Linear regressions of Eq. (9) obtained from the experimental results of the influence of lichen grain size in CV and RM adsorptions are presented in Figure 3.
Table 2 combines the Bohart-Adams, Thomas and Yoon-Nelson model parameters for studying the influence of lichen grain size on dye adsorption through the fixed-bed column.
The results recorded in Table 2 show that the fixed bed saturation concentration (N0) decreases with increasing lichen grain size. However, the Bohart-Adams Velocity Constant (kBA) increases with increasing lichen particle size. For grain size [125-250 µm], N0 increased from 4331.95 to 2975.08 L/(mg.min) for CV and from 2733.78 to 2111.62 mg/L for MR. The high values of the Bohart-Adams constant (kBA) in the same grain size inerval are 71*10-4 L/(mg.min) for CV and 12*10-4 L/(mg.min) with MR. The Bohart-Adams model is therefore perfectly described with small lichen grain sizes.
According to Table 2, the theoretical and experimental adsorption capacity values decrease as the grain size of the lichens that make up the fixed bed in the adsorption column increases. However, Thomas' kinetic constant increases with the diameter of the deactivated lichen grains. The values of the theoretical adsorption capacities (Qthe) predicted by Thomas' model are close to those obtained experimentally (Qexp). Indeed, with lichen grain sizes between [125-250 µm]; [250-500 µm] and [500-800 µm]; the theoretical quantities of CV adsorption on the fixed bed are respectively 14.52, 13.42 and 9.98 mg/g while those obtained experimentally are 14.29, 13.35 and 9.83 mg/g. The values of the Thomas kTh kinetic constant in CV adsorption range from 55*10-5 to 71*10-5 L/(mg.min) respectively with grain sizes from 125 µm to 800 µm. For MR, kTh increases from 83*10-5 to 12*10-4 L/(mg.min). The good agreement between the experimental adsorption capacities and those theoretically predicted by Thomas' model shows that adsorption follows second-order kinetics 38.

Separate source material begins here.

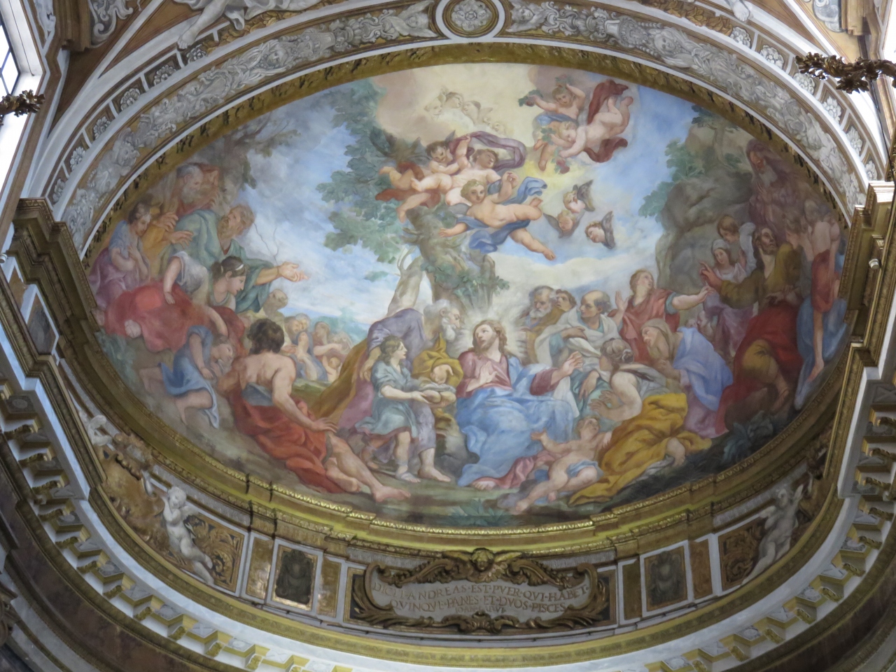 何度でも訪れたい教会の魅力は、天井の装飾とフレスコ画が印象的です。「聖アンドレア伝」のフレスコ画には、漁師をしていた聖アンドレアがキリストの弟子になる場面から、十字架にかけられて殉教するまでの生涯が描かれています。重厚な造りで天井が高くクーポラの絵も見ごたえがありました。

Analysis of the Yoon-Nelson model parameter values reported in Table 2, shows that lichen particle size influences the time τ, required for 50% saturation of the column bed. Particle size also influences the Yoon-Nelson kenetic constant (kYN). An increase in grain size leads to a decrease in time τ and an increase in kYN. When grain size varies from 125 µm to 800 µm, the time τ, drops from 883.58 min to 529.67 min with CV. For MR the time τ drops from 785.23 min to 606.53 min. The kYN constant in the case of CV adsorption went from 55*10-4 to 71*10-4 L/(mg.min) and from 83*10-4 to 12*10-3 L/(mg.min) in the case of MR. The kYN constant therefore increases with lichen grain size while time τ decreases. This can be explained by the fact that with small grain sizes there is a reduction in the diffusion path 43 of the dye in the matrix. However, the authors 44 in a study on the adsorption of ionic liquids through an activated carbon fixed bed column, observed high kYN values with small activated carbon grain sizes.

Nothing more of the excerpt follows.